Study material:
++++++++++++++++++++

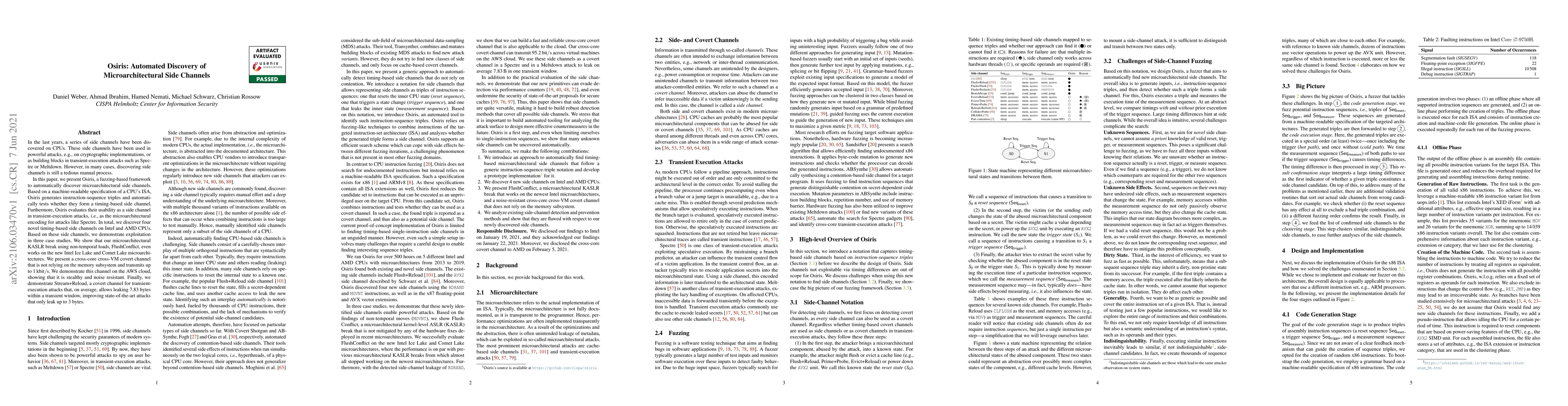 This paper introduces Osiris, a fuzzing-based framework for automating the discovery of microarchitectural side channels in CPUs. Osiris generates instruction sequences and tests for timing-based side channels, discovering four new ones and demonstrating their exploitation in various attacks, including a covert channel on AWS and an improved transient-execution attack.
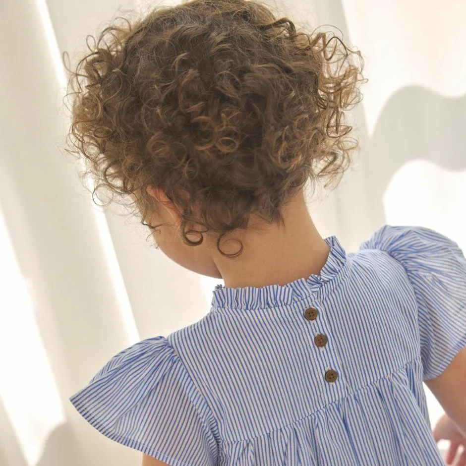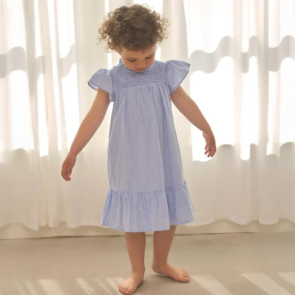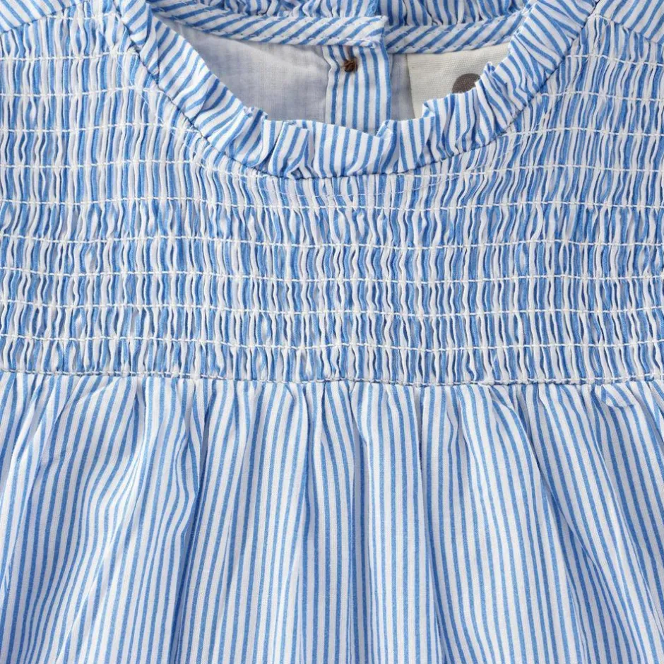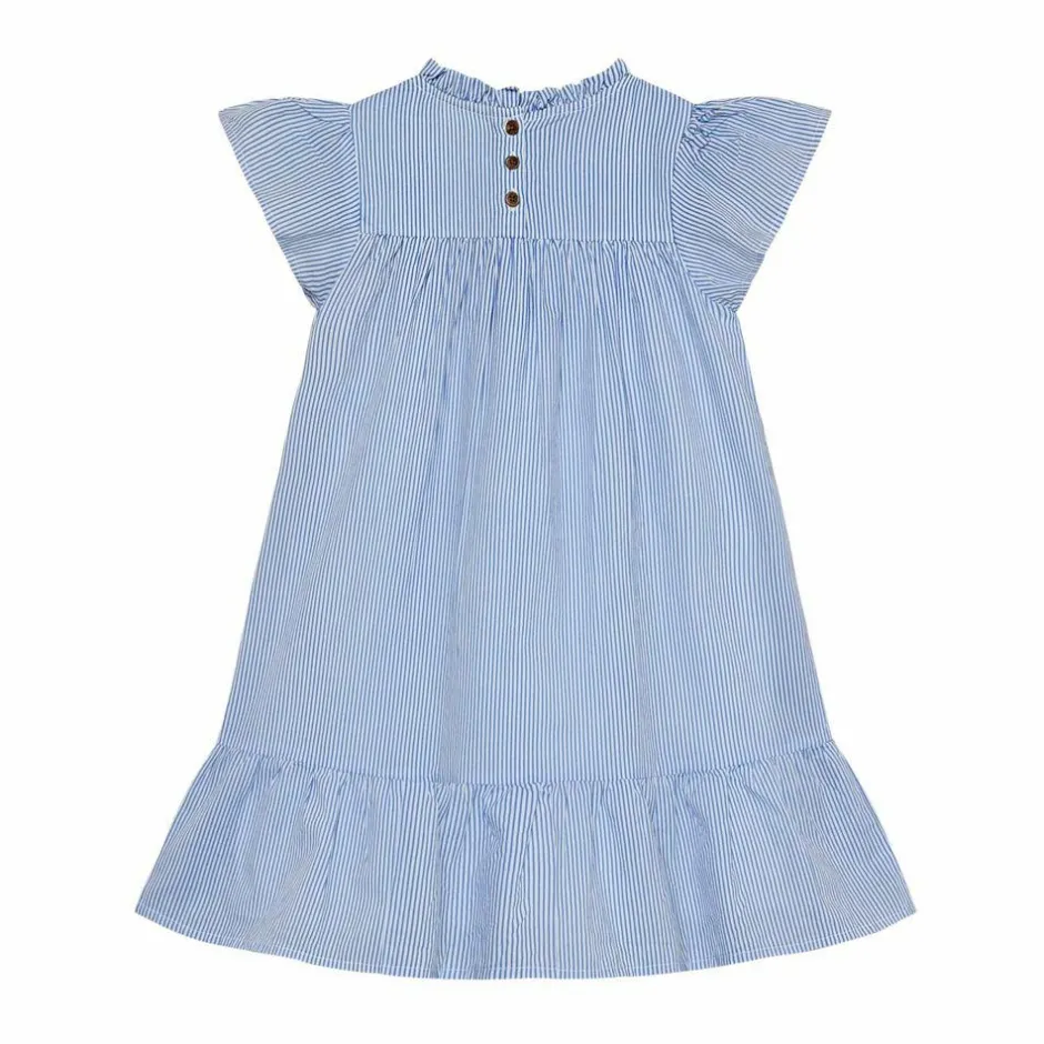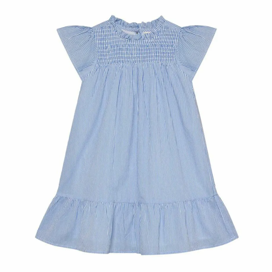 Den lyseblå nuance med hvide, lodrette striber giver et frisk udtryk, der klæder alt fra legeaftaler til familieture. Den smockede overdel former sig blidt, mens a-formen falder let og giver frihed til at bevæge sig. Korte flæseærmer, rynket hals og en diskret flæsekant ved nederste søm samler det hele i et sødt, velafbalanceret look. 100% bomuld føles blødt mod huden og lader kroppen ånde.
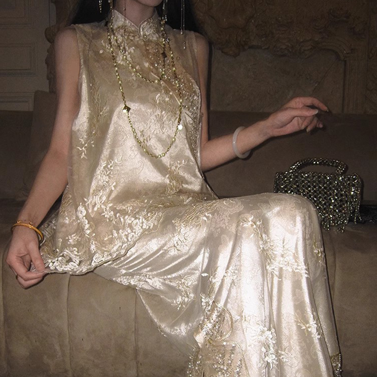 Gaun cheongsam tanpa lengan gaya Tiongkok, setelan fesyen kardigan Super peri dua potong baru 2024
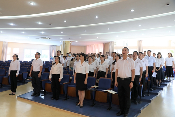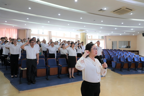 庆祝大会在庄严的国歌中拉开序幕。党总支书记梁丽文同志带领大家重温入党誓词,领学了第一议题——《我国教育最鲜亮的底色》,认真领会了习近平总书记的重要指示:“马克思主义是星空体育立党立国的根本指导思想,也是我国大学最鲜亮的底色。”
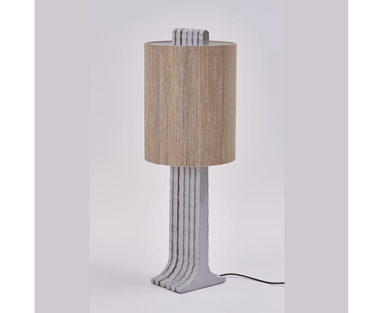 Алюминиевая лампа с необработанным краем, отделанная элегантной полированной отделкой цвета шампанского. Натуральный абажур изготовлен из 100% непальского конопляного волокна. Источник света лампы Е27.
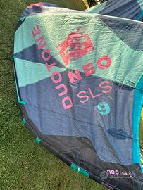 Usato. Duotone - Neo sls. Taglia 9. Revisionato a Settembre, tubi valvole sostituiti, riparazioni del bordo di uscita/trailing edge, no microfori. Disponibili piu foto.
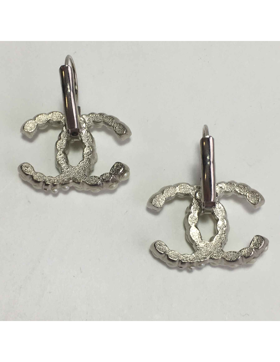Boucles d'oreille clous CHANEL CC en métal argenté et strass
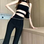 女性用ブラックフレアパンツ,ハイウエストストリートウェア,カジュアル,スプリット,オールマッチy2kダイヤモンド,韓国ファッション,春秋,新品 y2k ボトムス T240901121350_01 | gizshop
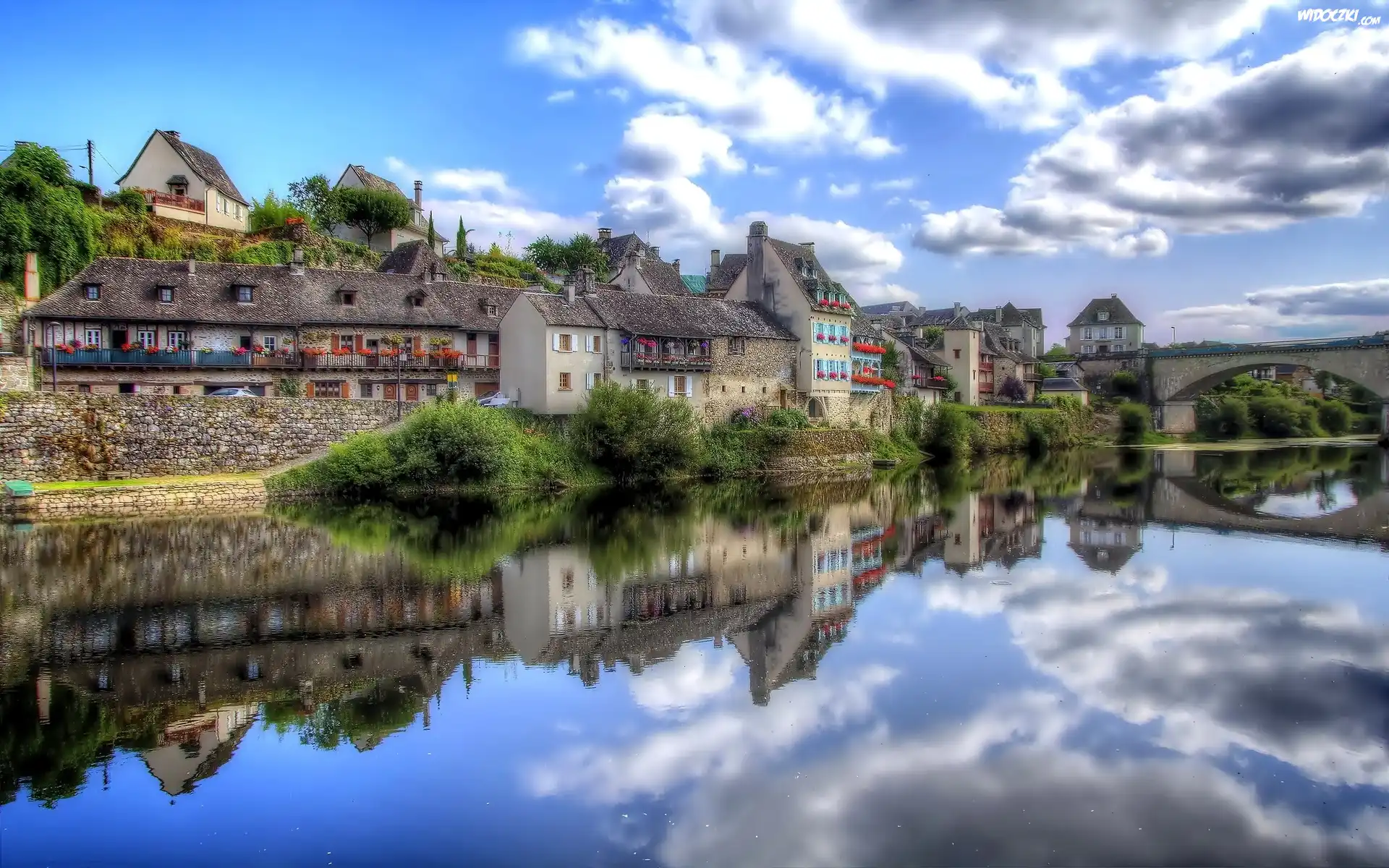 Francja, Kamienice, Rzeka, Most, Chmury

++++++++++++++++++++

Problem description:
Copy out nothing but the lines from the beginning of the records through the one that contains "Алюминиевая лампа с". Skip the pictures.

Exercise result:
 This paper introduces Osiris, a fuzzing-based framework for automating the discovery of microarchitectural side channels in CPUs. Osiris generates instruction sequences and tests for timing-based side channels, discovering four new ones and demonstrating their exploitation in various attacks, including a covert channel on AWS and an improved transient-execution attack.
 Den lyseblå nuance med hvide, lodrette striber giver et frisk udtryk, der klæder alt fra legeaftaler til familieture. Den smockede overdel former sig blidt, mens a-formen falder let og giver frihed til at bevæge sig. Korte flæseærmer, rynket hals og en diskret flæsekant ved nederste søm samler det hele i et sødt, velafbalanceret look. 100% bomuld føles blødt mod huden og lader kroppen ånde.
 Gaun cheongsam tanpa lengan gaya Tiongkok, setelan fesyen kardigan Super peri dua potong baru 2024
 庆祝大会在庄严的国歌中拉开序幕。党总支书记梁丽文同志带领大家重温入党誓词,领学了第一议题——《我国教育最鲜亮的底色》,认真领会了习近平总书记的重要指示:“马克思主义是星空体育立党立国的根本指导思想,也是我国大学最鲜亮的底色。”
 Алюминиевая лампа с необработанным краем, отделанная элегантной полированной отделкой цвета шампанского. Натуральный абажур изготовлен из 100% непальского конопляного волокна. Источник света лампы Е27.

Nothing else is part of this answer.